The Respondent submitted that the provision applicable in this matter is Section 117(1) (c) of the ITA wherein the Respondent is challenging the substance of the Applicant's transaction. The Applicant's contention that the money was sourced as a loan is inimical to the doctrine of substance over form. In Dominion Taxicab Association v MNR [1954] SCR 82, the Court held:
"It is well settled that in considering whether a particular transaction brings a party within the terms of the Income Tax Act, its substance rather than its form is to be regarded".

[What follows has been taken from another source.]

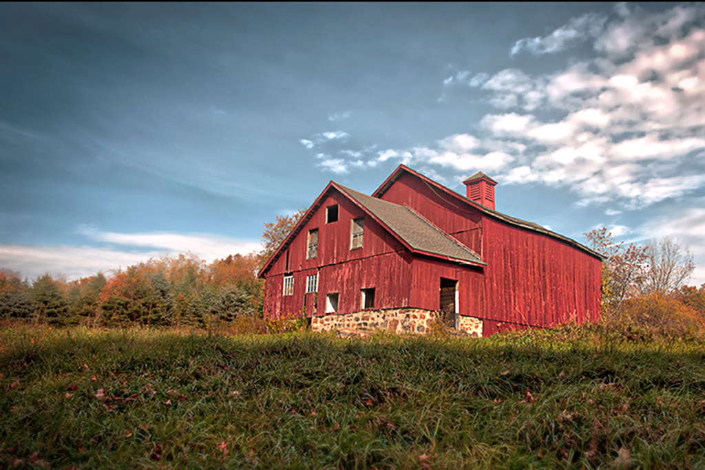Phil, it's a nice composition, however I believe it should be cropped to emphasize the barn, much like Le said. When I down loaded the photo I spotted 2 dust spots on the left side. I usually, go after any dust spots as the first items to correct. I made some modifications to your original photo, cropped to remove the tree on the right, darken the colors in the barn and the foreground. Then I used curves to bring out the barn. |

The Respondent cited Placer Dome Inc v Canada [1992] 2 CTC 98 at 109, where the Canadian Supreme Court held that:
"It is the substance of a transaction that must be looked at in order to determine the true legal rights and obligations of the parties. Similarly, it is the commercial and practical nature of the transaction, the true legal rights and obligations flowing from it that must be looked at to determine its tax implications".
The Respondent submitted that from the above doctrine, the tax consequences of a transaction such as unsupported loans should be evaluated by considering the broader economic substance rather than restricting one's focus on the transaction's legal form. The Applicant failed to justify or substantiate the loan of USD 300,000 by providing the prerequisites for obtaining loans thereby undermining the principle of substance of a transaction.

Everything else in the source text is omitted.